TASK ITEM: The reply should hold only the lines from the one with "检查组一行在世纪楼2102会" to the one with "encuentro con Ban.", both ends kept, exactly as they appear below, without any pictures.

INFORMATION SHOWN:
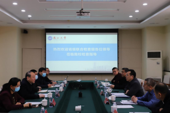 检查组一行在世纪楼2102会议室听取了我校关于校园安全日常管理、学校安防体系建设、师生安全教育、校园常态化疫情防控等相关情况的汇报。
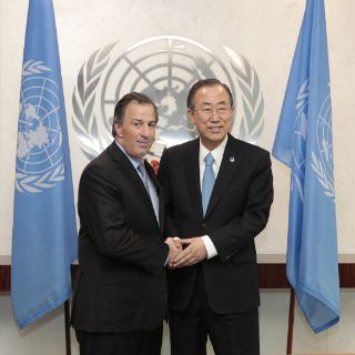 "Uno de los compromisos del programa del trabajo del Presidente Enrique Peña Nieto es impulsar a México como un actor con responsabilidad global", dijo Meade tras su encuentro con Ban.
--
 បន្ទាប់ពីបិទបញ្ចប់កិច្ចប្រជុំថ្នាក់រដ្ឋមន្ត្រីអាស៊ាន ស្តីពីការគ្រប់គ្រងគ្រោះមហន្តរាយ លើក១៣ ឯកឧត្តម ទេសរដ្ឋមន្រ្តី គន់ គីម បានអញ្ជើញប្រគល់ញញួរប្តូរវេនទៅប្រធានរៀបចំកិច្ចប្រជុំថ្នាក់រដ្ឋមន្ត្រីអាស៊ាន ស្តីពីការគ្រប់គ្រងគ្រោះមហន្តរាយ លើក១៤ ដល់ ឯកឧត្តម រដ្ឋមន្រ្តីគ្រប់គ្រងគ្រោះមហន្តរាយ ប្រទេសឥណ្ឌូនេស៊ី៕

OUTPUT:
 检查组一行在世纪楼2102会议室听取了我校关于校园安全日常管理、学校安防体系建设、师生安全教育、校园常态化疫情防控等相关情况的汇报。
 "Uno de los compromisos del programa del trabajo del Presidente Enrique Peña Nieto es impulsar a México como un actor con responsabilidad global", dijo Meade tras su encuentro con Ban.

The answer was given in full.